According to a study conducted by the Association of Certified Fraud Examiners, expense claim fraud takes 24 months to detect, makes up nearly 15 percent of schemes involving the fraudulent disbursement of cash and has a median loss of $26,000.
How about your business? Do you know how to recognize whether your employees are being fraudulent?
Here are 6 signs to look out for:
For example, two sales people working in the same role. One spends $ 500; the other spends $1,000 for the same customer trip. Is one inflating their real spend?
Look at spending trends over time and how they correlate with ROI. Why does different employee spend drive different customer revenues?
Define the type of places employees should use for entertainment of clients.
2. Claiming unrelated business items
Claiming a massage in a hotel is likely a non-business related item. Your company needs to define what the claimable business items are and what is appropriate.
3. Inflating acceptable expenses
For small amounts of expense, still within limits, employees often exaggerate a bit, for example, $5 becomes a $10 taxi fare. It’s still an acceptable taxi fare, but it’s easy to be overlooked.
Where possible, receipts should support every claim. This will help you avoid employee fraud.
4. Overcharging company credit cards
Some companies provide corporate credit cards to employees who travel and entertain a lot, so they don’t have to worry about reimbursement. However, there is a risk that employees may spend more than necessary. So, next time check the claims carefully before approving them.
Optionally use a pre-paid debit card with the approved budget amount.
5. Double billing
Some employees are dishonest and list the same charge twice, under different trips. If not checked carefully, employees claim once under a credit card and then again under a cash claim.

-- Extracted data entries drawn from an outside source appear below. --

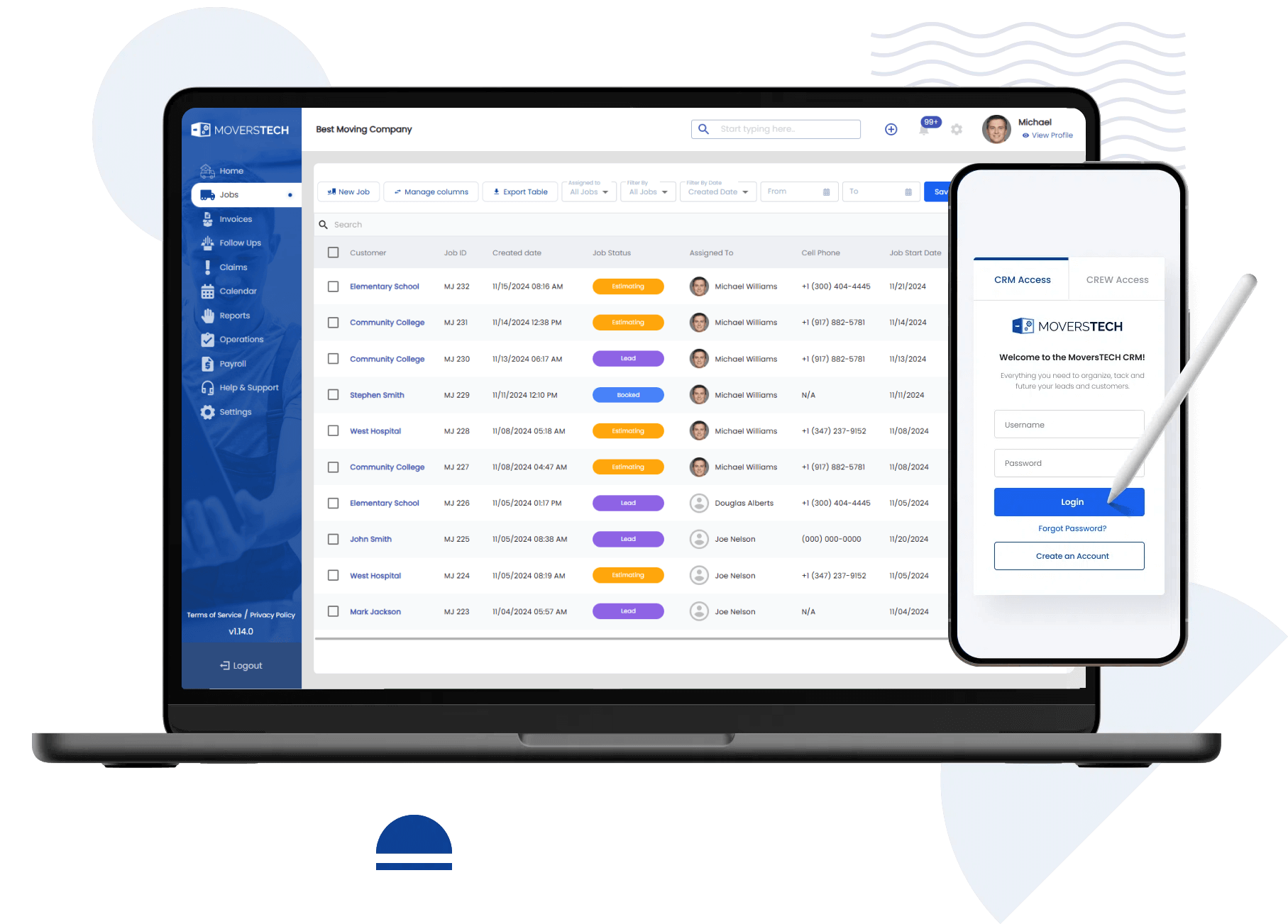 MoversTech is a cloud-based moving company CRM software that can be used on any computer or mobile device that has access to the Internet.
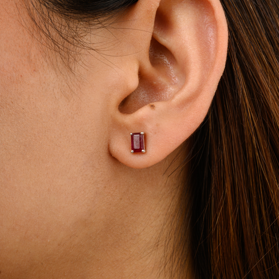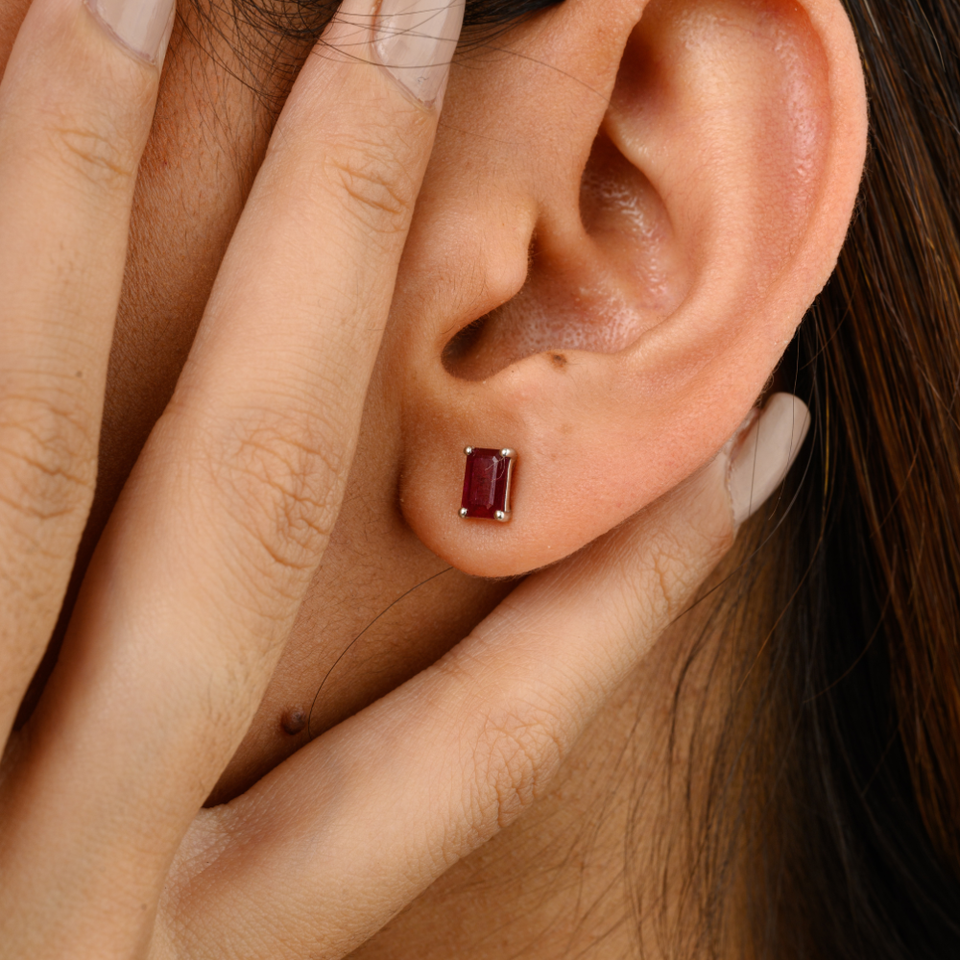 Jewelry Manufacturer Top Quality Baguette Shape Ruby K14 Real White Gold Set in Prong Setting Stud Earrings for Women's
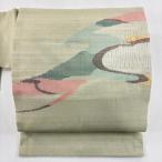 美品 名古屋帯 秀品 夏帯 流水 幾何学模様 灰緑 正絹 中古
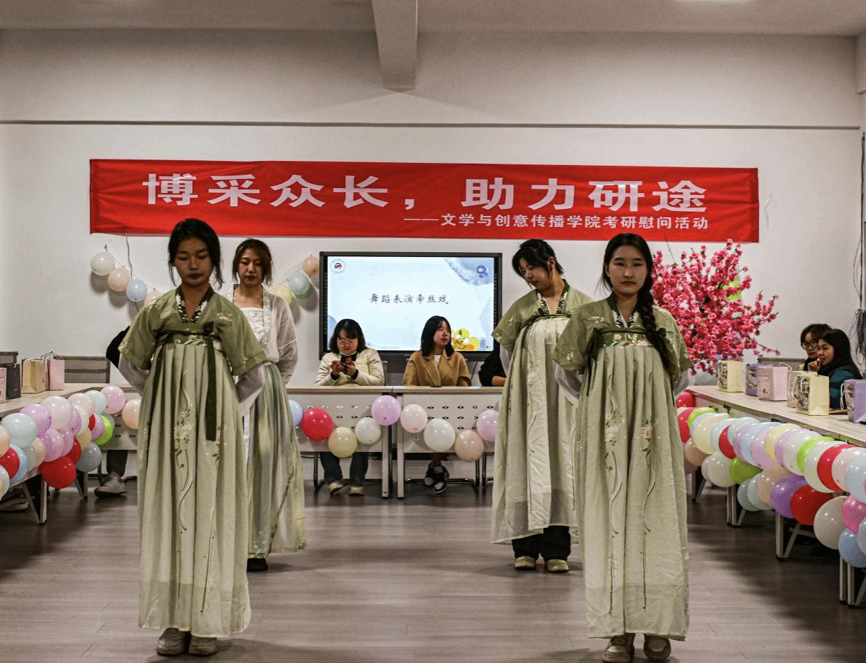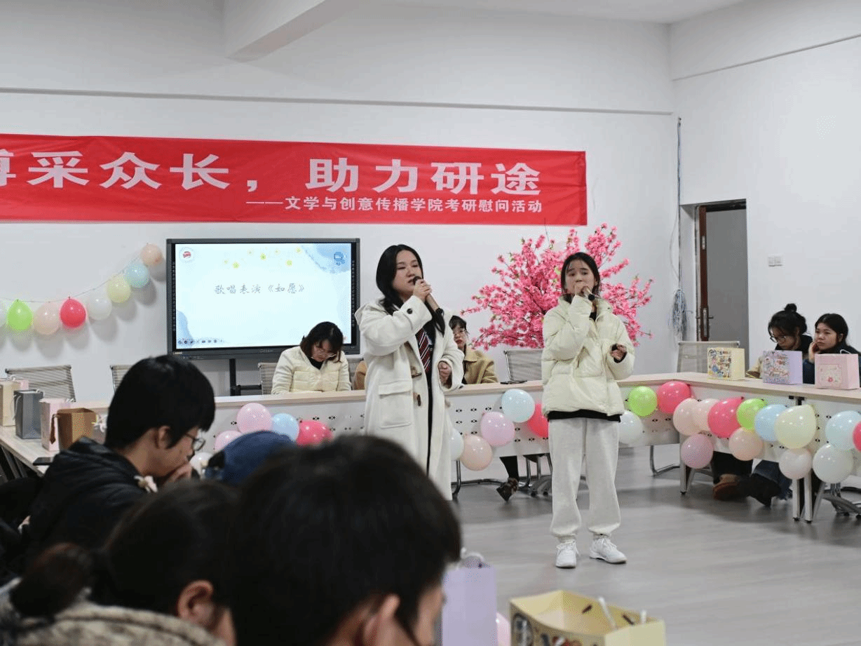 12月7日18:30,文学与创意传播学院在A6107教室举办了“博采众长,助力研途”考研慰问活动。学院以文艺演出、辅导员寄语的形式,帮助考研学子们放松身心,叮嘱同学们调整好心理和身体的状态,合理安排时间,张弛有度,充分利用好最后的复习时间,查漏补缺,活动最后,学院为学子们送上了特别准备的考研慰问大礼包,鼓励考研学子们坚定考试信心,祝愿同学们“一战成硕,金榜题名”!
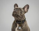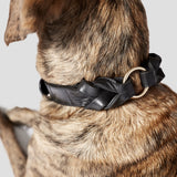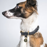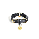 The HYDE PARK dog collar made from genuine, sturdy cowhide leather with elegant braiding design for a handcrafted design twist. With real brass hardware and an engraved collar charm.
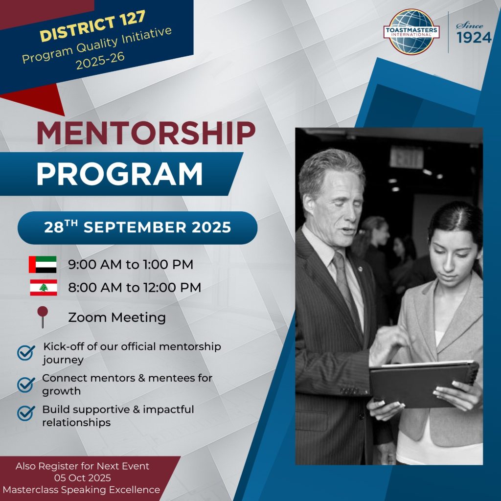 This is a 6-month program open to all District 127 members, designed to equip mentors and mentees for long-term success. A 3-member guidance committee will provide monthly training & support, with top performers recognized at the end of the program. π
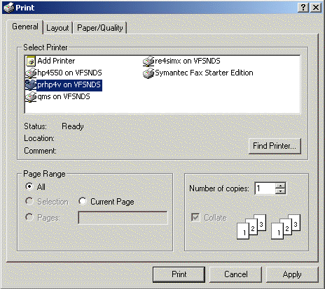 Example:  The Printer Setup window may vary slightly depending on your version of Windows.

Utilising Expense Management software, claims are well recorded and employees cannot use the same bill a second time.
6. Exceeding the limits of allowable expenses
Employees split a large amount two to three items to fit the approved limits. So instead of that, why not set limits for each trip cost, based on the project type and purpose.
When policies are applied well, combined with a well-managed expense management system; you may not have to worry too much about fraud.
Do you see any of these signs in your expense claims? Are you struggling in managing your business expenses? Systems@work is used internationally and trusted by organizations throughout Asia, Europe, and the United States.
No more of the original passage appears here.